## [WHAT YOU WILL DO]
The answer must be an exact copy of the lines from the top of the listing below through the line with "Motýlová klapka V2FS100SN", with no pictures.

## [DATA SEGMENT]
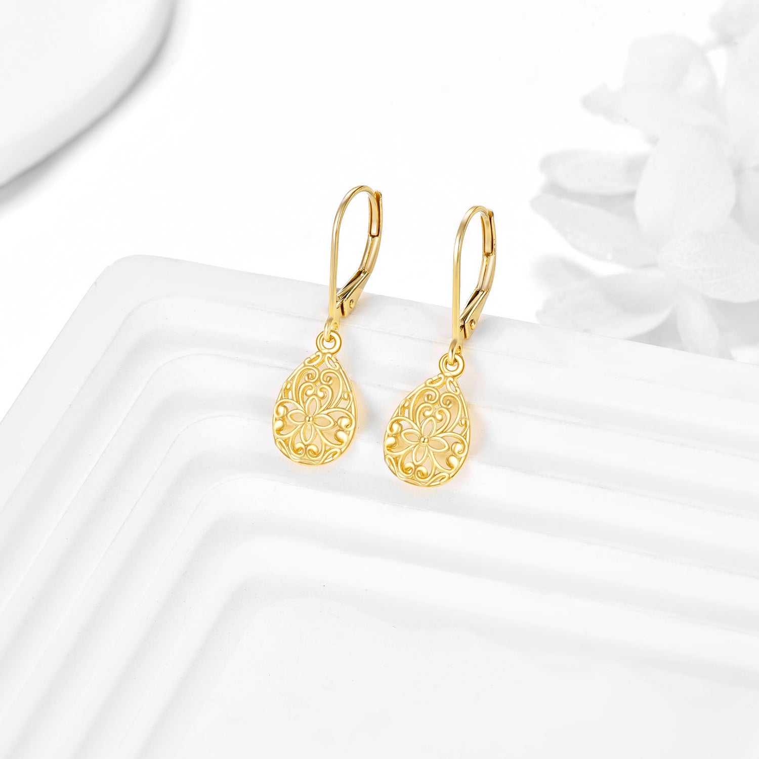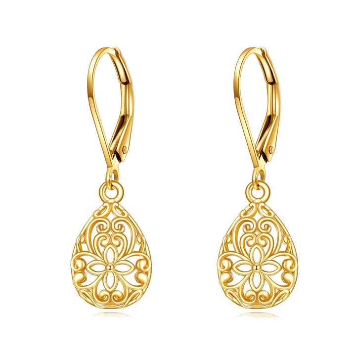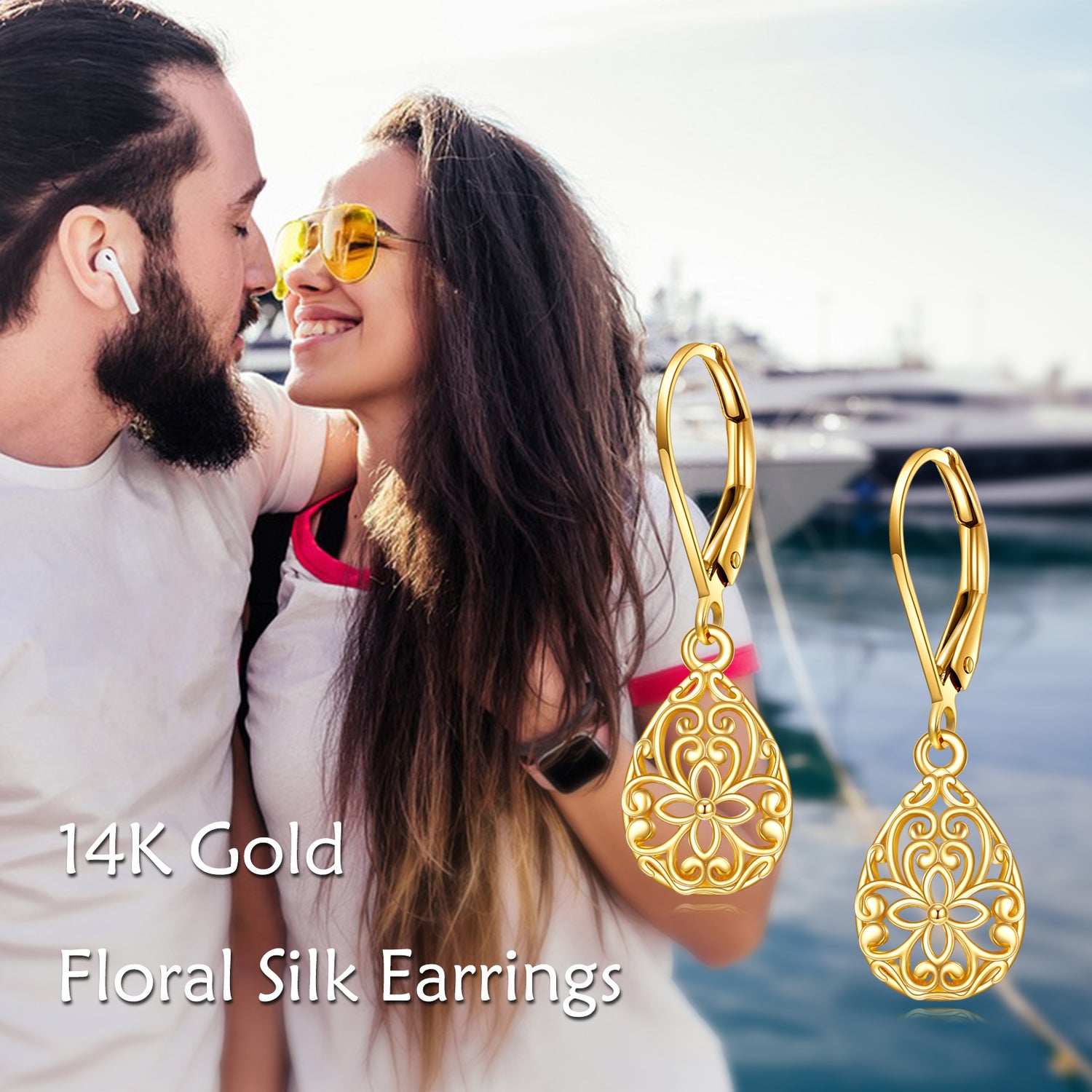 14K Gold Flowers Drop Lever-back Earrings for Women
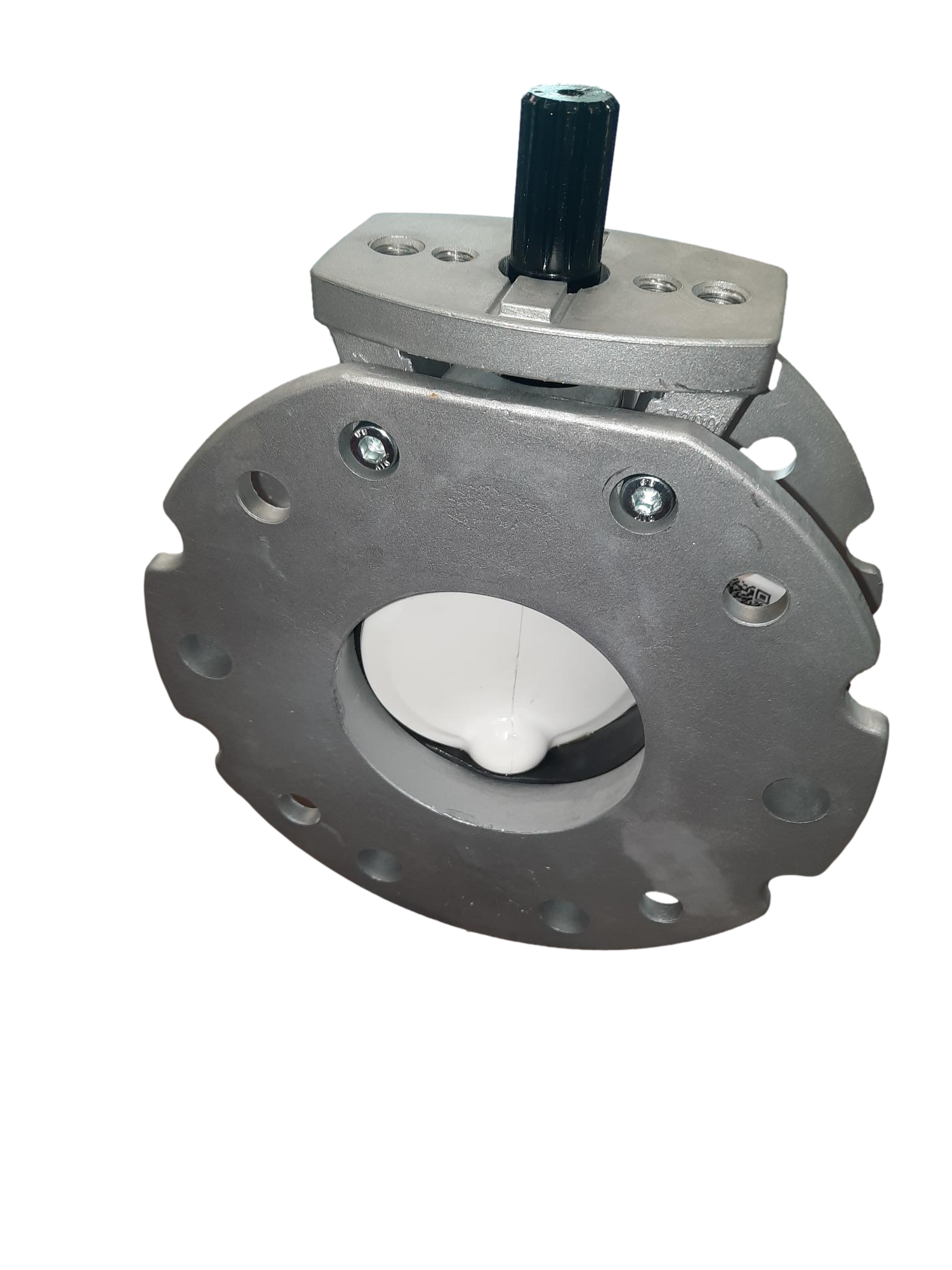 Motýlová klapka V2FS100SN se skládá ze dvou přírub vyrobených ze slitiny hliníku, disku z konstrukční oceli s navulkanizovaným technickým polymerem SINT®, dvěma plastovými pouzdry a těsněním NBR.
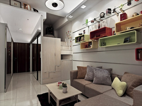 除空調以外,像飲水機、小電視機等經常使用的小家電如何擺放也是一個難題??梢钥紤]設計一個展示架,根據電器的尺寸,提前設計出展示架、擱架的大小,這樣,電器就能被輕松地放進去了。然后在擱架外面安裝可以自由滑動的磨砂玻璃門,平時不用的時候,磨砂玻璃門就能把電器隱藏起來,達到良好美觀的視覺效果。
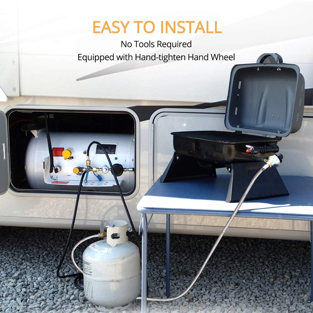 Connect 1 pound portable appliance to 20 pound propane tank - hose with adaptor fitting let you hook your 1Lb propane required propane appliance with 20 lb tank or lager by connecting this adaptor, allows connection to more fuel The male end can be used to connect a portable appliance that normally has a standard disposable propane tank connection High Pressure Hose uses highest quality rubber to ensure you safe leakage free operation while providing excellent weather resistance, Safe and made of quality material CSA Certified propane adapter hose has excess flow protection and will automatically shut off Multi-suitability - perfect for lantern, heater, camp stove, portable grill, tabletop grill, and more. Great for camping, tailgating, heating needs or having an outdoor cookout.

## [RESULT]
 14K Gold Flowers Drop Lever-back Earrings for Women
 Motýlová klapka V2FS100SN se skládá ze dvou přírub vyrobených ze slitiny hliníku, disku z konstrukční oceli s navulkanizovaným technickým polymerem SINT®, dvěma plastovými pouzdry a těsněním NBR.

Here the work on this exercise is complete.